Battered by a nearly constant onslaught of attacks and revelations of security breaches, IT businesses and departments have doubled down on securing their organizations’ data. Better password hygiene, data access restrictions and encryption are all fundamental to preventing a data breach. However, physical security is often overlooked.
As InfoSec defends their organizations from attackers whose motivations run the gamut from quick financial gain to disgruntled employees and customers, it’s imperative for IT departments to take a comprehensive approach to securing their organizations.
Overcoming “not my job” syndrome
IT and InfoSec tend to think in terms of networks, endpoints and outside attacks, but they risk missing the big picture if they think of vulnerabilities and threats only in terms of wider internet threats. IT departments often consider the security of a physical building as a separate domain, but it is becoming increasingly difficult to delineate physical security from data security.
Technology professionals needs to get back to basics. While it’s important to focus on vulnerability mitigation, the Open Systems Interconnection (OSI) model begins with the physical layer. Security must be considered at every step, even when no networked communication is taking place.
This means not only making sure the cabling, power supply and other infrastructure are in place, but also addressing unlocked server rooms, loosely managed inventory and environmental hazards. It can be easy for IT professionals to dismiss physical security as another department’s purview, but only IT has the expertise necessary to identify and assess these sources of risk.

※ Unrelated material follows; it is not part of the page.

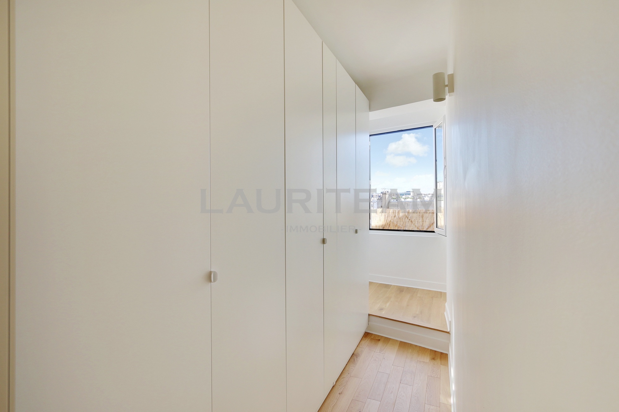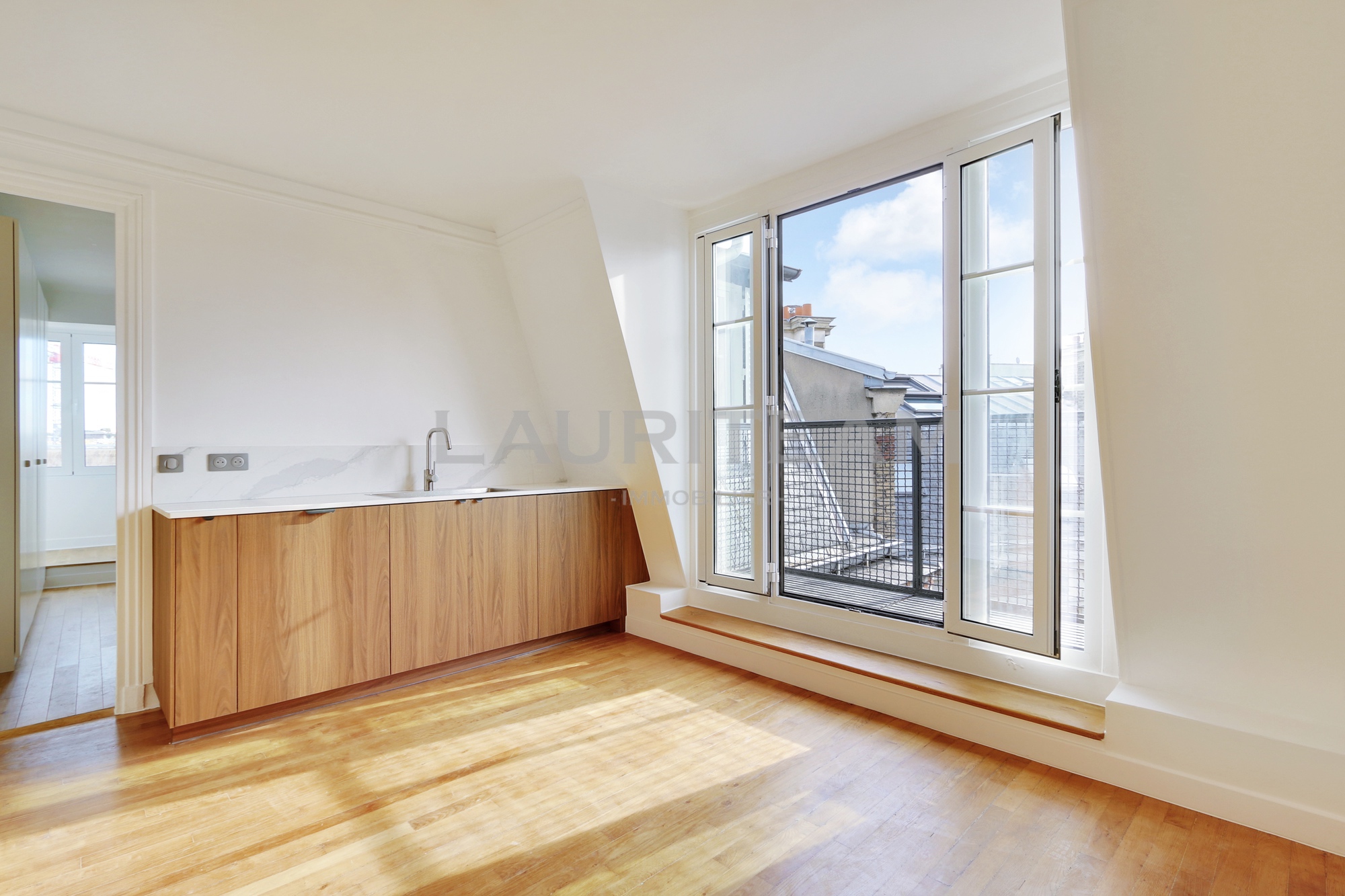 Situé au dernier étage avec ascenseur et gardien, il bénéficie d’une grande hauteur sous plafond et d’une orientation Sud-Est qui lui apporte une luminosité exceptionnelle tout au long de la journée.

Merging physical and data security
The IT implications of poor physical security practices can be dire – as aptly demonstrated by the late 2014 attack on Sony. In fact, a statement attributed to one of the attackers in various news reports went as far as to claim, “Sony doesn't lock their doors, physically, so we worked with other staff with similar interests to get in.” Even barring the potential for internal sabotage, it can be extraordinarily difficult for organizations to re-secure their environment once a physical security breach occurs.
Thankfully, IT departments have a variety of tools at their disposal to address both physical and data security. Disk encryption, already widely used in the business world, can be extended to provide greater physical security through the use of a trusted platform module (TPM). Combined with trusted network configurations, IT departments can ensure that data is inaccessible to unauthorized parties, even if a workstation or server is physically compromised.

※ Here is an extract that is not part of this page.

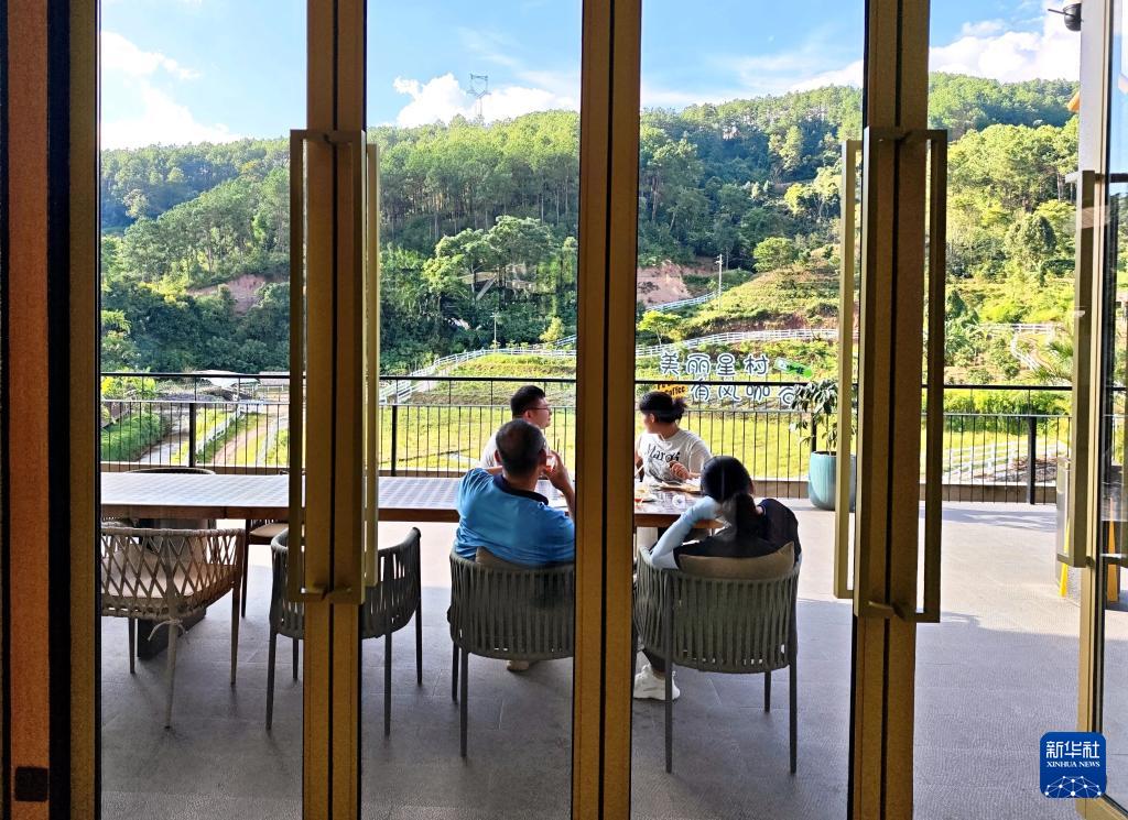 9月20日,游客在普洱市思茅區(qū)南屏鎮(zhèn)南島河村白沙坡小組的“美麗星村·有風(fēng)咖谷”品嘗咖啡。

Additional measures, like keeping server room doors locked, creating and enforcing ID policies, or installing mantraps can dramatically reduce the consequences physical security threats pose. Other software-based approaches, like implementing a mobile device management (MDM) solution, enabling geolocation and disabling unnecessary physical ports on workstations can prevent many common attacks without creating an undue burden on end users. By taking simple steps to reduce physical security loopholes, IT professionals can narrow and better manage their vulnerabilities.

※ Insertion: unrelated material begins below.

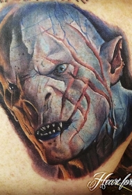 背部彩色的兽人面纹身图案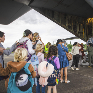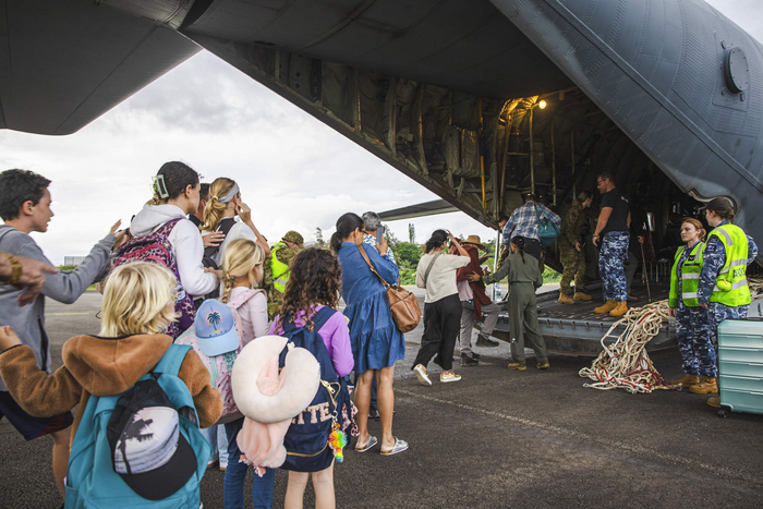 当地时间2024年5月21日,法国努美阿,澳大利亚和其他游客登上澳大利亚空军大力神,准备从新喀里多尼亚努美阿的Magenta机场出发。图源:视觉中国

A holistic approach to security
Whether through phishing, impersonation, tailgating or more “traditional” network-based attacks, organizations and their data face a number of serious threats. IT professionals must take a more comprehensive view of their organization’s security landscape, accounting for all potential weaknesses, not just software vulnerabilities. It’s imperative to close off obvious avenues of attack by using security controls already in place – almost every organization has at least some policies around locking doors and verifying employee identities – but many businesses don’t see the importance of these procedures and enforcement tends to be lax.
Despite a rapidly evolving cybersecurity landscape, malicious actors possess only a limited number of physical entry points, and IT departments must ensure reasonable precautions are taken to deny unauthorized access. Organizations should establish multiple lines of physical defense (mirroring best practices for data security), placing several obstacles in the path of an intruder. By unifying both physical and data security, IT departments are better equipped to defend against the multi-front attacks that threaten organizations today.